Work instructions = Go to the line containing "Cabaña de 3" in the records below and print it and every following line exactly, on through the line containing "Pulsera de Perlas", then stop.

Source material =
>>>>>

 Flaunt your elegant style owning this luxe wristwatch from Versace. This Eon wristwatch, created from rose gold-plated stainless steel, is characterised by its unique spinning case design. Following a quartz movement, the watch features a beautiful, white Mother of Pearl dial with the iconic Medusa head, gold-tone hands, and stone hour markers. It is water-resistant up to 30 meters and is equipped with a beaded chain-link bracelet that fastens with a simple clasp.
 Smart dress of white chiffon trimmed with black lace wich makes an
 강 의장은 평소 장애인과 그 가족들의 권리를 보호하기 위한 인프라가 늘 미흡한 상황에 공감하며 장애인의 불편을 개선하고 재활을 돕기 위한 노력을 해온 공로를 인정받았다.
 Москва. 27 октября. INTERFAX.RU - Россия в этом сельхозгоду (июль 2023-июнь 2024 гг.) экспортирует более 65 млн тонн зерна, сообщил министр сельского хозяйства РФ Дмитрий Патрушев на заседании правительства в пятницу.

<<<<<
>>>>>

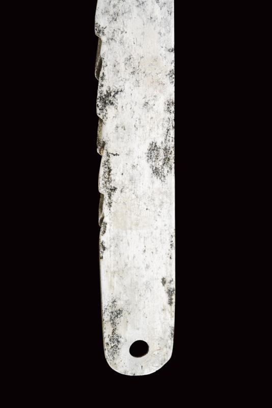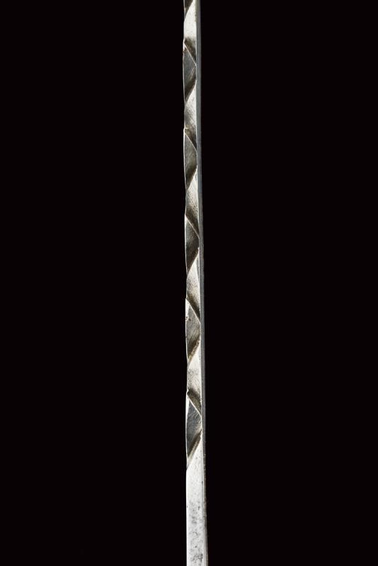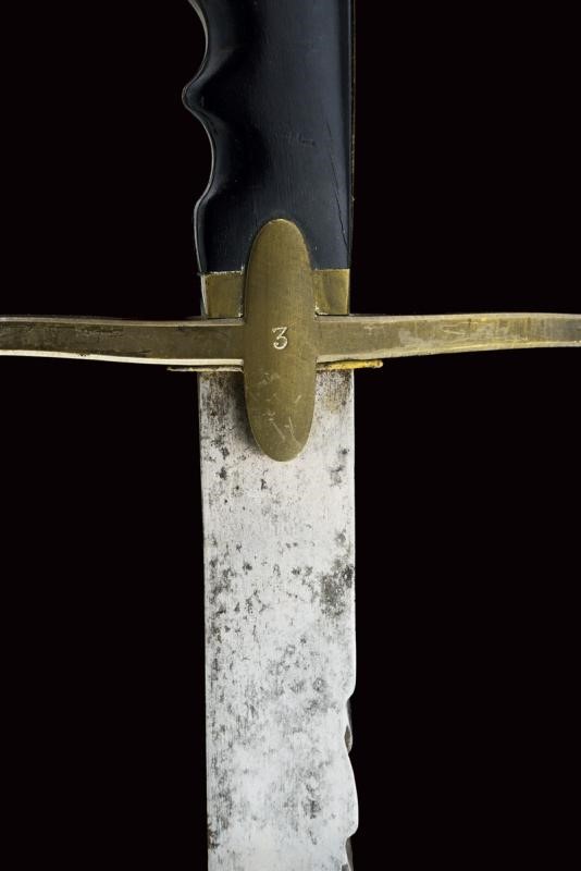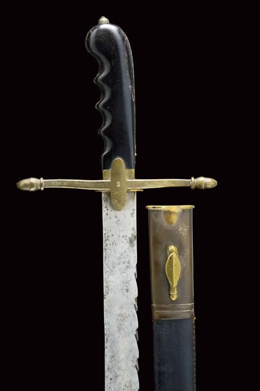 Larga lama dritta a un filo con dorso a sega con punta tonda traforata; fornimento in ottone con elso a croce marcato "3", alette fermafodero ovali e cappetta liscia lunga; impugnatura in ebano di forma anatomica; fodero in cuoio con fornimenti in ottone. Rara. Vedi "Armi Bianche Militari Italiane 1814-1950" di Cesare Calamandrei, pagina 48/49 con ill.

<<<<<
>>>>>

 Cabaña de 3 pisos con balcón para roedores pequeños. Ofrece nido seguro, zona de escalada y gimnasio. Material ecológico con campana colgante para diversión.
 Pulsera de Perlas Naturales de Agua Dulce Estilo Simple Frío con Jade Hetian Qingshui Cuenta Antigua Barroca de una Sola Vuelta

<<<<<

Solution =
 Cabaña de 3 pisos con balcón para roedores pequeños. Ofrece nido seguro, zona de escalada y gimnasio. Material ecológico con campana colgante para diversión.
 Pulsera de Perlas Naturales de Agua Dulce Estilo Simple Frío con Jade Hetian Qingshui Cuenta Antigua Barroca de una Sola Vuelta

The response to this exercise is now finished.